Ashley Eiffert was seven months pregnant when she drove to the Gentilly neighborhood of New Orleans to pick up baby clothes from a woman who had recently lost a child.
She was never seen alive again.
Now, 20 years to the day after she disappeared, Eiffert’s family is renewing its call for police to investigate the case, claiming Louisiana investigators failed to respond quickly and later botched the probe into the expectant mother’s whereabouts.
“Ashley’s baby would be 20 years old if alive today,” Yvonne Eiffert, the woman’s mother, told Fox News.
“The police have done absolutely nothing to find my daughter,” claimed Eiffert, “and no one has been brought to justice.”

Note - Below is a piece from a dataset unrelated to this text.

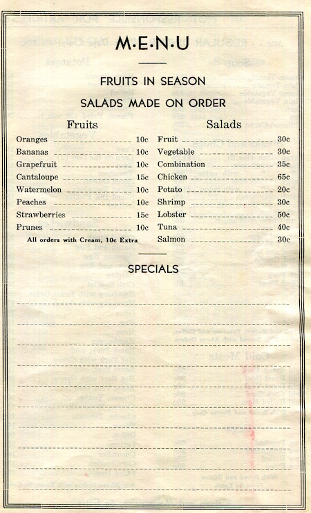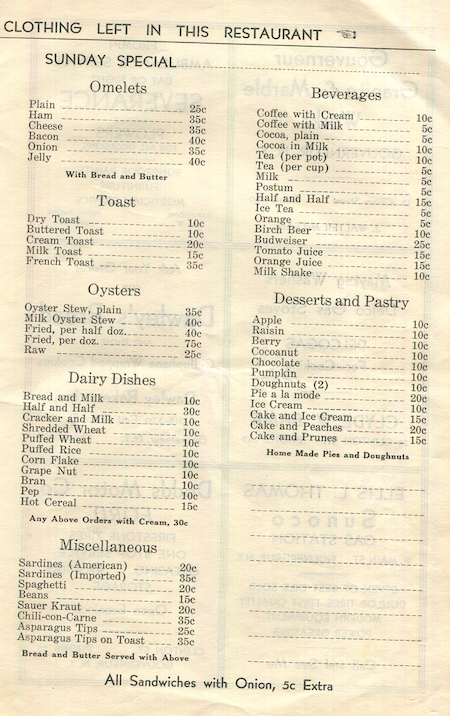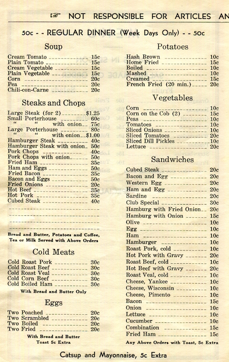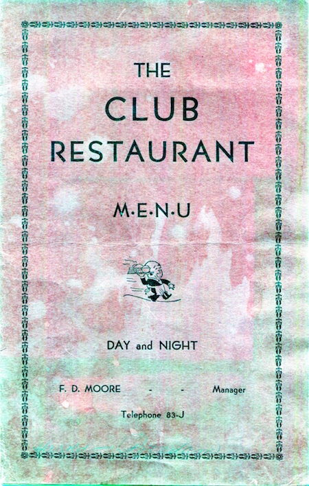 USA New York Gouverneur Menu Restaurant The Club 1933 Front

She continued, “I’m up against a wall.”
On Jan. 9, 2003, Eiffert, then 19, drove her 1992 silver Ford Mustang to the home of a woman she met at a doctor’s office during a recent prenatal visit. The woman, identified as Nicole Johnson, told Eiffert she recently had lost a child and was looking to donate baby furniture and clothes, according to Eiffert’s family.

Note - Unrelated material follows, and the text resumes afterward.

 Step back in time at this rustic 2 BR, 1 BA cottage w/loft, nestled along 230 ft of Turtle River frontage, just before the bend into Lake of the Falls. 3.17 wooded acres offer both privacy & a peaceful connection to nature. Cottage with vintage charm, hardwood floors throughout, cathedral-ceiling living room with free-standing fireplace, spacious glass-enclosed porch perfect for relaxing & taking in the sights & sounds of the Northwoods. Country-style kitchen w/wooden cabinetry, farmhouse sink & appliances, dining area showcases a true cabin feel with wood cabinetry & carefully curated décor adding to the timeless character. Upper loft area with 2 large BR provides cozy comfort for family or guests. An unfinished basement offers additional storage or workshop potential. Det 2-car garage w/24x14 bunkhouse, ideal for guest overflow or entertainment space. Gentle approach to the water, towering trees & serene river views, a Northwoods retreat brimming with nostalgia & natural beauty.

Johnson, “told us that when Ashley tried to leave, her car wouldn’t start,” Yvonne Eiffert said.
Eiffert said Johnson claimed the teenager then called her boyfriend, Joe Hill, and that the two were arguing on the phone. Johnson told the family that she last saw Ashley crossing the street on her way to a Shell gas station.
Eiffert claimed that investigators did not review the surveillance camera from the gas station “until it was too late.”
She went on, “By the time they looked at it, the tape had been erased.”
According to the family, Johnson’s recollection of events has never been corroborated.
“It’s the only story we have, and it’s from a complete stranger,” said Madeline Ludwick, Eiffert’s cousin.
A spokesperson for the New Orleans Police Department did not respond to an inquiry from Fox News. Neither Johnson nor Hill could be reached for comment.
According to a 2022 study by the Harvard T.H. Chan School of Public Health, homicide is the leading cause of death for pregnant women in the U.S.
Researchers found that women in the U.S. who are pregnant or who have recently given birth are more likely to be murdered than to die from obstetric causes – a statistic that has not changed over the last 20 years. A 2004 study by the National Coalition Against Domestic Violence reported that domestic violence killed more pregnant women each year than any other cause.
For Eiffert’s family, the anguish over her disappearance is as painful now as it was 20 years ago.
“I miss her energy more than anything. She was a joy to be around,” Ludwick said of Eiffert, who loved dancing, playing softball and marching in Mardi Gras parades.
“Whoever did this took that all away from us,” Ludwick said.